La vérité se découvrit aussitôt tout entière au major Lincoln, et le feu lui monta au visage lorsqu’il se rappela ce bruit vague, ces murmures confus et étouffés qui la veille avaient frappé son oreille, et ces visions inexplicables qui l’avaient poursuivi même pendant son sommeil, jusqu’à ce qu’elles se fussent évanouies devant les premiers rayons du jour. Faisant signe à Job de le suivre, il descendit la colline d’un pas précipité, et dès qu’il se vit dans la plaine, il se retourna et dit d’un ton ferme à son compagnon :

— Malheureux, vous étiez dans le secret ; et ces travaux exécutés pendant la nuit…

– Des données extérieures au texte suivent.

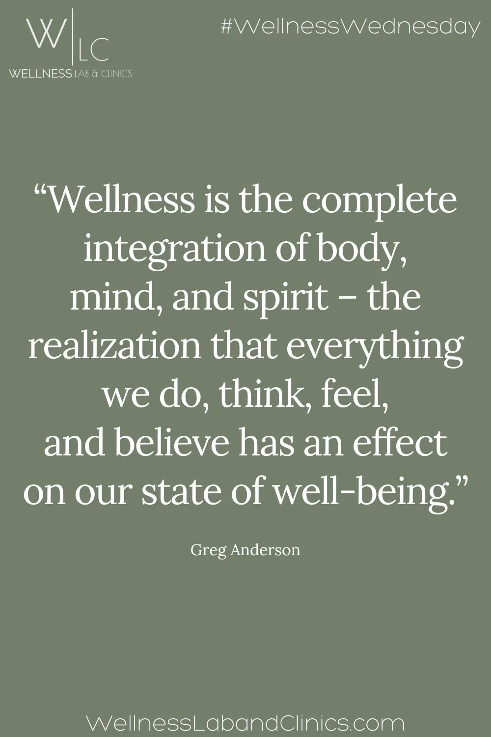 Image: Deep green background with this quote from Greg Anderson: “Wellness is the complete integration of body, mind, and spirit – the realization that everything we do, think, feel, and believe has an effect on our state of well-being.” WellnessLabAndClinics.com

— Job a bien assez à faire pendant le jour sans aller travailler la nuit lorsqu’il n’y a que les morts qui sortent de leur lieu de repos, répondit l’idiot avec un air d’imbécillité qui désarma aussitôt le ressentiment du jeune officier.

Lionel sourit en se rappelant de nouveau sa propre faiblesse, et il répéta en lui-même :

— Les morts ! Cette redoute est bien l’ouvrage des vivants, et il faut avoir bien de l’audace pour avoir osé l’élever. Mais dites-moi, Job, car il est inutile de chercher plus longtemps à me tromper, combien pouvait-il y avoir d’américains sur la colline lorsque vous l’avez quittée pour traverser le détroit de Charles et venir visiter les sépultures sur Copp’s Hill, hier au soir ?

— Les deux collines étaient couvertes l’une de peuple, l’autre de revenants, répondit Job d’un air de simplicité ; Job croit que les morts s’étaient levés pour voir leurs enfants travailler si près d’eux.